Correcting Contrarian Graphs on the Relationship Between CO2 and Warming

It's well-established physics that the Earth's surface is ~33K warmer than its effective temperature, and the relationship between increasing CO2 and radiative forcing can be approximated by the following logarithmic equation:

ΔF = 5.35*ln (C/Co) where,

  • Co is an initial concentration of CO2 (preindustrial CO2 is generally regarded as 280 ppm). 
  • C is the concentration of CO2 at any given time (currently 420 ppm).

The equation shows the change in the outgoing flux at the top of the atmosphere caused by a change in CO2 concentrations. Since CO2 concentrations have increased by 50%, we can say CO2 has caused a decrease in the outgoing flux of 5.35*ln (1.5) = 2.2 W/m^2. As a result of this decrease in outgoing flux, more energy enters the climate system than escapes into space, and so the planet's surface must warm until the outgoing flux equals incoming again. The relationship between a change in radiative forcing and temperature is linear, so

ΔT = λ*ΔF

So essentially the relationship between changes in CO2 and temperature is logarithmic, and each doubling of CO2 causes roughly the same amount of warming at equilibrium with the change in forcing. The central estimate for the amount equilibrium warming for doubling CO2 is 3 C (once rapid feedbacks are accounted for). If ECS = 3 C, then we can solve for λ (sensitivity) in the above equation to be 3/3.7 = 0.81 C/W/m^2. It's this logarithmic relationship that contrarians frequently exploit to create the false impression that continued increases in CO2 can have little to no effect on GMST. Here's one example I've seen floating around Twitter and Facebook recently.

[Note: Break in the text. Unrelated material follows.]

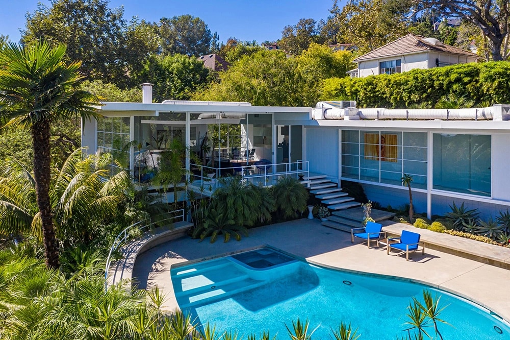 La casa ha un soggiorno con camino moderno, cucina, tre grandi camere da letto, un bagno principale, cabina armadio azzurra, moquette blu, un patio che si affaccia sulla piscina e l’immancabile terrazza da cui vedere le scintillanti luci di Los Angeles. C’è anche una vasca idromassaggio immersa tra le piante tropicali e una sauna indipendente.

The author of this graph, John Shewchuk, clearly doesn't understand what saturation is, but let's leave that aside for this post. What Shewchuk did is assume an irrationally low value for λ sensitivity of 0.15 C/W/m^2 (what would be an ECS of 0.56 C) and then assume the above equation for radiative forcing would hold at very small CO2 concentrations. The graph then creates the false impression that CO2 at 1200 ppm would only cause GMST to increase by about 5 C above the Earth's effective temperature. This is just plain silly.

But since I've seen these kinds of graphs many times in political tracts, social media, blogs, and YouTube videos, I thought it might be helpful to create a couple accurate graphs showing the amount of equilibrium warming above preindustrial levels (280 ppm CO2). The following graphs show the amount that the equilibrium GSMT anomaly would increase above preindustrial levels in 70 ppm (25% of 280 ppm) increments. In the first graph, I show this with CO2 concentrations on the x-axis. In the second, I show it with the ratio C/280 (rCO2) on the x-axis.


As you can see, with a rational estimate for ECS, we can expect about 7 C warming above preindustrial levels at 1400 ppm CO2 (or 5x preindustrial levels). If you find these graphs useful, feel free to use them as often as you like. I get so tired of responding to contrarians making crappy, deceitful graphs that I figured I'd do my part to help get accurate information out there that agrees with the best evidence we have for climate sensitivity. Have fun with them!